Boost to infrastructure investment is the high point. It is clearly a growth-oriented Budget, which at the same time seeks to address some of PM Modi’s pet themes

Arun Jaitley has presented a well-crafted Budget that enunciates a clear vision of the government’s priorities and policies. It is clearly a growth-oriented Budget, which at the same time seeks to address the PM’s pet themes on which he had connected so resonantly with the electorate last year.

Boost to infrastructure investment is the high point. Extending the 3% fiscal deficit target by a year will release additional R50,000 crore per year, which will further enhance the available fiscal space.

Aside from budgetary investment, PSUs along with the railways will increase off budget investment by leveraging their assets. The most exciting prospect is of corporatising port trusts which are sitting on vast amounts of unleveraged assets. The Budget also seeks to crowd in private investment by revitalising the PPP framework, issuing tax-free infra bonds and setting up the Investment and Infrastructure Fund.

Increase in road cess on petrol and diesel for the road sector is timely.

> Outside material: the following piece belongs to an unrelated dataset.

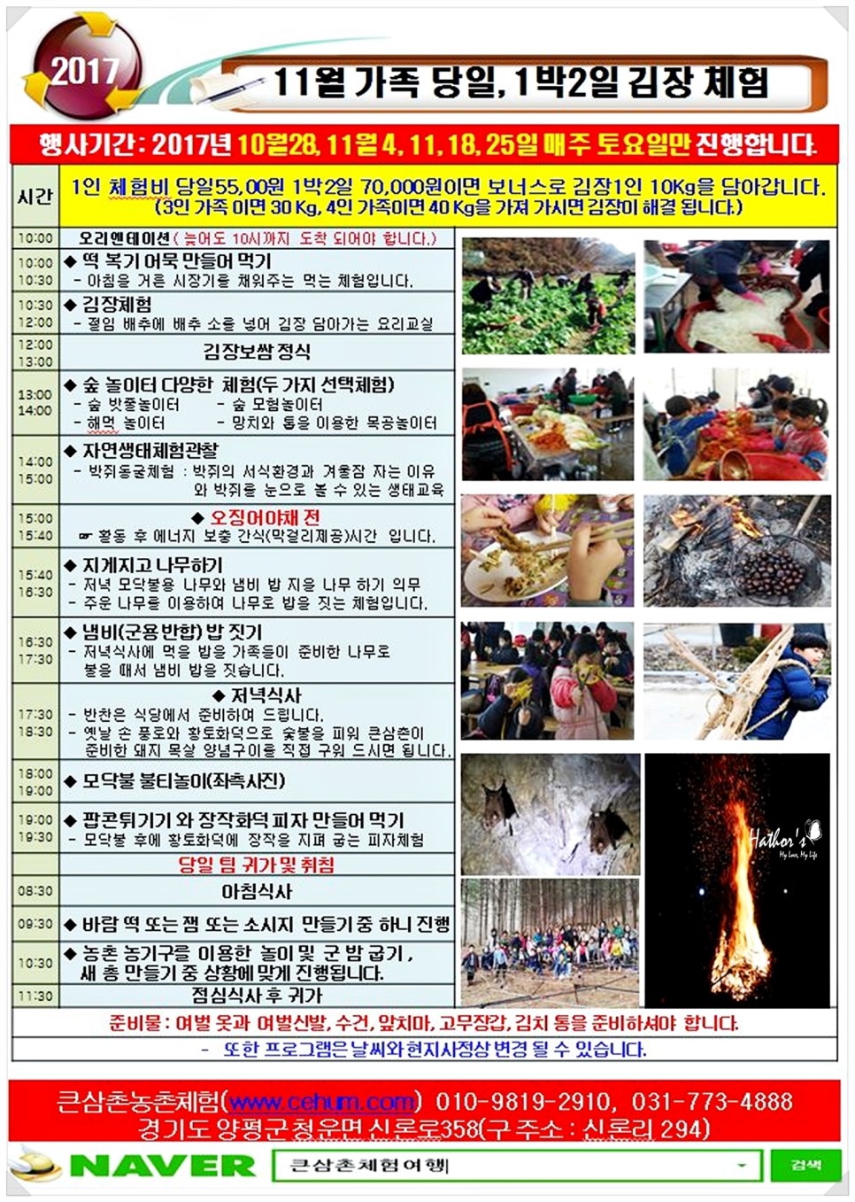 Å«»ïÃ̳׵µ ±èÀåüÇèÀ» 10¿ù 28ÀÏÀ» ½ÃÀÛÀ¸·Î 11¿ù 4ÀÏ, 11ÀÏ, 18ÀÏ, 25ÀÏ ¸ÅÁÖ Åä¿äÀϸ¸ ÁøÇàÇØ¿ä.

Proposals on tax policy are also well conceived. They should lead to simplification and predictability and reduce tax policy risk for investors.

Reaffirming the target for GST is welcome and the increase in service tax from 12% to 14% is a step to smoothen the path for GST. One would have liked to see a clearer road map including development of IT infrastructure, a fund for compensating states, capacity building in states and so on. Corporate tax rationalisation by reducing rates and curtailing exemptions will also make tax rates more competitive for investors.

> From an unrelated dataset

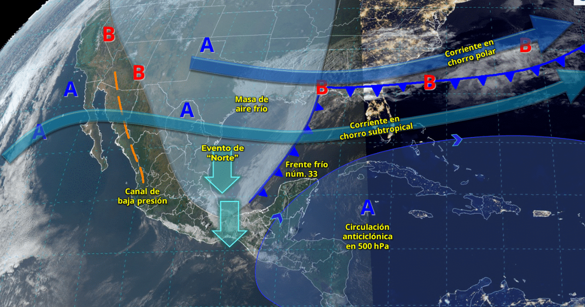 Frente Frío no. 33 propiciará lluvias intensas en el sureste mexicano y península de Yucatán

Black money stashed abroad is an issue on which the government has been on the backfoot. The FM has adopted a two-pronged approach of creating a new law for deterrence and taking measures for reducing the scope for generation of black money, like monetising and recycling of gold assets and disincentivising cash transactions. Care will need to be taken that the new law does not become too draconian.

There are many welcome announcements in the financial sector – like merging of FMC with Sebi, setting up of public sector banks holding company, setting up of a public debt management office. Here too, implementation will be key.

There are some areas in which the Budget could have done more. There are not many concrete measures for making the slogan of Make in India a reality. Revitalising SEZs could have been one. Similarly, for skill development, Ganga cleaning etc, a clearer action plan would have demonstrated the government’s commitment towards them.

Post the 14th Finance Commission, impact on the Budget could have been spelt out. The fate of many centrally sponsored schemes as also the status of hitherto special category states seems to hang in the balance.All in all, it is a welcome Budget. The challenge will be in implementation of the many announcements.